And in the end, the only journo who crossed the picket line that day was a Fairfax employee.

An extract from Write, regardless!

© Michael Burge, all rights reserved.

How to write wrong

READY TO POUNCE Survuvung feedback can feel like a game of cat and mouse.
READY TO POUNCE Surviving negative feedback can feel like a game of cat and mouse.

AFTER dabbling on and off ever since I could articulate words, in mid-2009 I started writing full time and haven’t stopped.

Working through plenty of strong emotions (and day jobs), I blasted through my blocks to self-expression and found my voice in fiction, plays, journalism and memoir – genres I had tried but given up hope on long ago.

Along the way I’ve collected a little wisdom about how the world reacts to what writers write.

It’s not always pretty – there are plenty of detractors out there waiting at their keyboards to knock writers into silence.

Writers are generally very observant beings – our art reveals an ability to dig deep inside and tell the stories we find. The easier we make it look, the more it drives people who have trouble expressing themselves into fits of jealousy.

So, ‘you’re wrong about that, you know’, is a very common response to the courage it takes to write.

You’ll get it at social gatherings, on the social media, and sometimes from friends.

But one person you’ll very, very rarely hear it from is another prolific writer. We know the hard slog that goes into the job.

Here are my tips to writing ‘wrong’ …

Use the criticism

After your first few ‘you’re wrong’ experiences, you may find yourself getting a bit upset at someone making a point of being negative. A good way to remedy the shock is to write about it. That’s exactly what I am doing right here, right now. Never go silent for fear of someone deciding you’re wrong. Just keep writing.

Check your sources

Then check them again. This is not just the job of the journalist. Often, an accusation of ‘wrong’ comes from a readers’ need to highlight an inaccuracy, sometimes very publicly. But you’ll be surprised how often you go back to your research material only to find you were more correct than you originally realised. ‘Wrong’ is an easy accusation to make, but it’s harder to wear with confidence in mixed company unless you’ve gone over your sources properly.

Self correct 

Online publishing allows instantaneous correction of just about anything.

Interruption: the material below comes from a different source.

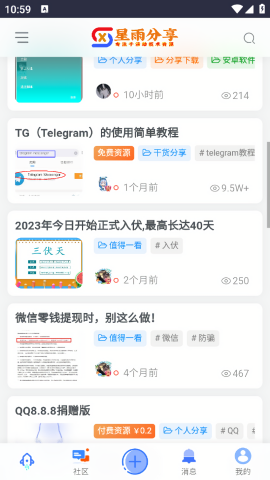 星雨社区官方正版app是一款技术资源分享平台,它里面提供了大量的专业技能学习资源分享,可以在当中搜索各种你需要的资源,同时还有部分资源区,包含了手机软件,电脑软件,游戏资源,技巧分享等多个板块,可以从中获取超多资源,还可以发布帖子寻求其他用户的帮助。

If you’ve made an error, from a typo to a mistaken claim, correct it! Across the heavily political history of publishing, this ability is an incredible luxury that a writer could argue people lost their lives for. Use it.

Subject ‘experts’

Many have invested time and money into becoming experts in certain fields, and they sometimes feel they have cornered the subject against every other writer. Expect little support from such people – they’ll get upset and angry if you write on ‘their’ subject, or close-up altogether. Explain your use of their source material, sure, but never be afraid to add to the story without their approval or permission. They’ll tell you you’re ‘wrong’, of course, but you’re getting used to that now, right?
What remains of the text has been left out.